Posts Tagged ‘Greenville’

March weekend getaway: Lodge at Moosehead Lake

March 8, 2010

Whether you’re not quite ready to let go of winter or simply want to get away from it all without giving it all up, the The Lodge at Moosehead Lake is the answer. Steal away to this oasis of elegance, a not-so-rustic lodge set on a hillside overlooking Moosehead Lake, just outside of Greenville  in the northern Maine woods. The Cozy Winter Weekend package, available through March, includes two nights lodging in a lake-view room, including daily two-course breakfast and pub supper; rates begin at $599 per room, exclusive of tax, gratuity, and alcohol.

The lodge combines rustic craft with chic sophistication, a woodsy Maine experience without sacrificing either the securities or amenities of civilization. Expect fancy linens and soft robes, inroom gas fireplaces and whirlpool baths, Wifi and more than 500 movie titles. Now add expansive living rooms, a pub with pool table and English darts, a guest pantry stocked with 24-hour snacks and beverages, and jaw-dropping sunset views from almost every room.

It’s easy to hole up inside for the weekend, but the outdoor world beckons with seasonal adventures, including snowshoeing, dog sledding, and snowmobiling, when the weather cooperates. Even if March Mudness prevails, the inn’s a place to escape it and the rest of the world, if only for the weekend.

Foliage Faves: Blair Hill Inn

September 8, 2008

Vermont gets all the press—but it also gets gazillions of leaf peepers. Here’s a place where you can enjoy the colors without the crowds. (The first in my leaf-peeper foliage faves postings)

Native Mainah

No it’s not easy to get to, but that’s what makes it so worth the effort. Greenville edges Moosehead Lake, that giant blue Rorschach blot in the wilds of northern Maine. It’s the frontier town before tar gives way to dirt, civilization to wilderness. Shops sell all manor of moosey merchandise, fishing and hunting are big biz. Set high on a hillside, just outside of town is a genteel country inn, the splurge-worthy Blair Hill Inn, an oasis of comfort, with excellent service and fabulous breakfasts.

And the views? Stupendous, especially during peak foliage, when the color-dappled mountains surrounding the 40-mile-long lake are reflected in its waters. This is God’s Country, and if you don’t believe me, mosey up to Kokadjo (population, not many) where a giant sign proclaims just that.
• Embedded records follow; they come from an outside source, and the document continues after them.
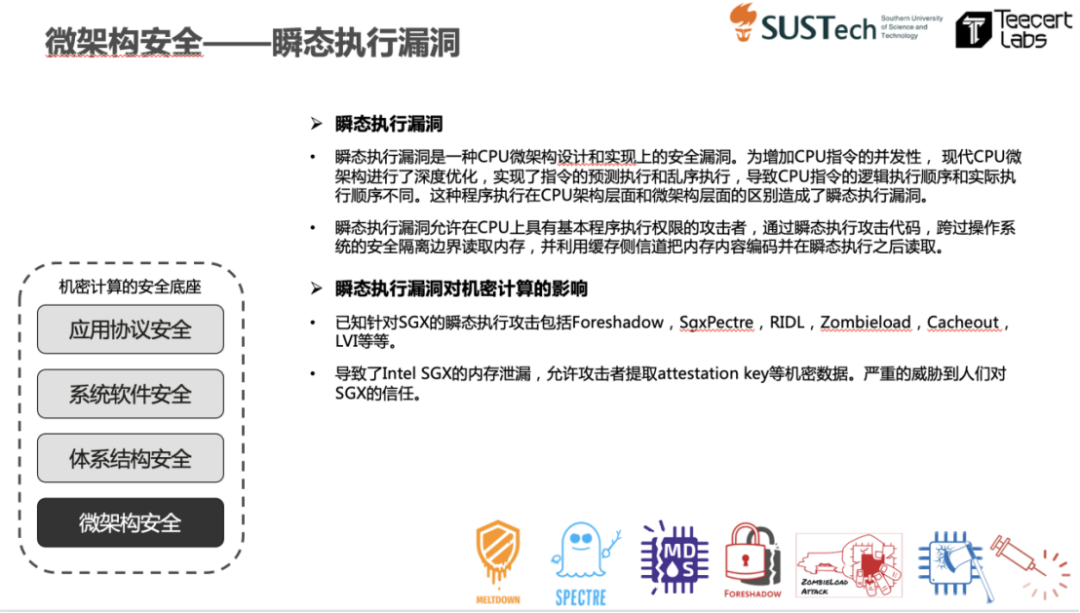 在了解了机密计算的研究背景和研究意义后,张教授介绍了机密计算的常见应用,并将机密计算的安全底座总结为四层安全架构,自底向上分别为:微架构安全、体系结构安全、系统软件安全、应用协议安全。随后,张教授依次对上述四层安全底座进行了内容展开及相关研究进展介绍。
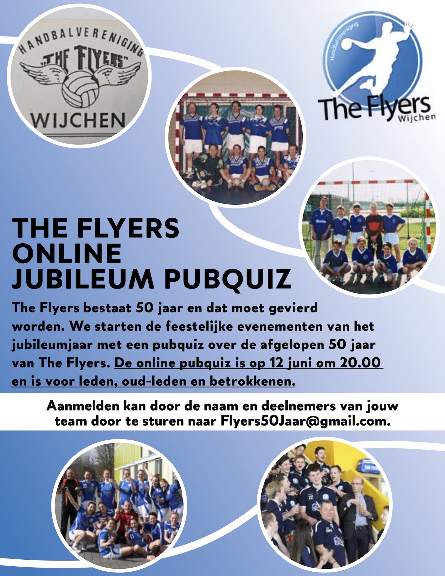 De Wijchense handbalvereniging The Flyers bestaat dit jaar 50 jaar en dit gaat uiteraard groots aangepakt worden: "We starten de feestelijke evenementen van het jubileumjaar met een pubquiz over de afgelopen 50 jaar van The Flyers. De online pubquiz is op
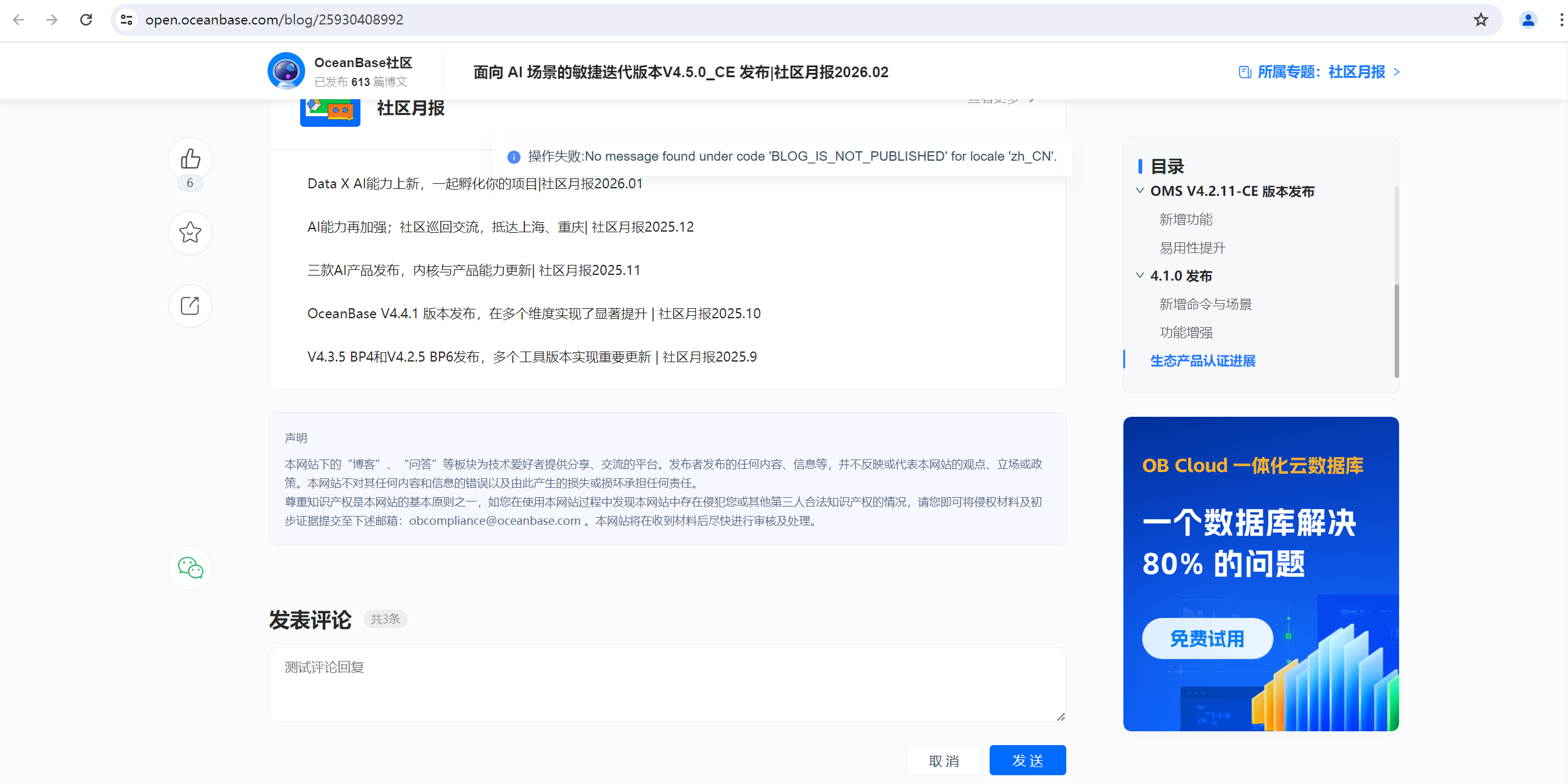 面向 AI 场景的敏捷迭代版本V4.5.0_CE 发布|社区月报2026.02-数据库技术博客-OceanBase分布式数据库
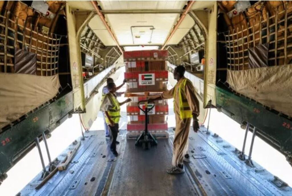 | De l'aide humanitaire de l'OMS et des Émirats arabes unis arrive par avion à Port-Soudan, le 5 mai. |
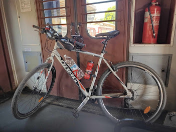 Този път композицията има само един вагон. От онези – салоните,с един широк ред пейки. Аз съм най-отзад. В преддверието където съм и вързалколелото. По-широко е отколкото във вагони с друг дизайн, имам и седалка.Пътувам повече от комфортно.
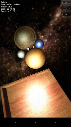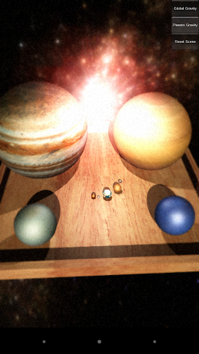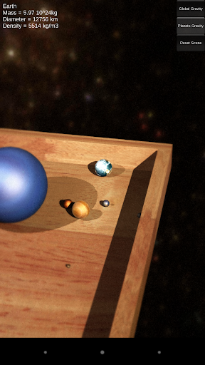 Applicazione dimostra le masse dei pianeti e le loro dimensioni rispetto alla Terra.I pianeti sono come sfere situati sul tavolo e l'utente può interagire con loro:

The region is laced with hiking trails and with opportunities for boating and paddling and moose spotting. Treat yourself to a cruise on the Katahdin, a retrofitted, early 20th-century boat that was previously used in in the lumbering industry. Or take a foliage flight with Currier’s Flying Service, a great way to view the cliffs of Kineo. Or book a moose safari or other adventure with Northwoods Outfitters.

Maynard's in Maine lodge

Now, if the Blair Hill Inn is out of range budget wise, not to worry, Greenville has plenty of wallet-friendly spots, too. Chalet Moosehead is a motel that’s right on the lakefront; the Pleasant Street Inn is a B&B that’s walkable to everything intown, including the lake; in nearby Rockwood is Maynard’s in Maine, an old-time classic—very rustic (in the Maine sense of the word, not the New York sense) lodge and cabins, with a restaurant (see photo) It’s not for everybody, but I love this place, and it’s pet friendly.

Shadowing Thoreau

June 10, 2008

If you have any plans to visit Baxter State Park or Greenville, to climb Katahdin or to paddle the myriad lakes, rivers and streams lacing Maine’s northern woods wilderness together, do yourself a favor and read The Wildest Country: Exploring Thoreau’s Maine, by J. Parker Huber. The second edition, published by the Appalachian Mountain Club is now available.
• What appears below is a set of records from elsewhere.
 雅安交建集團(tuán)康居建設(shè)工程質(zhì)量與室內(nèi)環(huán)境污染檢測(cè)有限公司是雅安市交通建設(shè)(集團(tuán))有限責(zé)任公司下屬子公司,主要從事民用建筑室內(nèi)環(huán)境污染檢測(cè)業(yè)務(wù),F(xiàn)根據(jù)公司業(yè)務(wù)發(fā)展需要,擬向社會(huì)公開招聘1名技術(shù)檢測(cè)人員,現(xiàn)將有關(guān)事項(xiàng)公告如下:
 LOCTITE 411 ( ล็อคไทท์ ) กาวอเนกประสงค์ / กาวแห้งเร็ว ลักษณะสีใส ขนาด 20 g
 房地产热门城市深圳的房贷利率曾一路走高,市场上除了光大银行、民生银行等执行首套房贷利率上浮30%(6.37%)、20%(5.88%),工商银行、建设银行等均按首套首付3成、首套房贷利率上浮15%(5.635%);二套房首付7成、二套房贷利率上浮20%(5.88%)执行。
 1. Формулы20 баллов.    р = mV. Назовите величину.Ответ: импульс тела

Huber first published the book in 1981, and although he acknowledges in the introduction that he hasn’t returned to the region since July 1995, he says: “I still dwell there spiritually: paddling Moosehead Lake, climbing Kineo and Katahdin, watching moose, listening to loons.”

Huber shares that magic, integrating Thoreau’s journeys with his own, recommending itineraries and sharing insights about the area’s flora and fauna, history and heritage. It’s all beautifully illustrated with maps and photos by Bridget Besaw.

I’ve only skimmed the book but already I’m hungry to return to the woods and follow these footsteps and canoe routes (okay, after the black flies calm down). I’m eager to read in detail and expand my knowledge of, as the sign welcoming folks to Kokadjo so aptly puts it: “God’s Country.”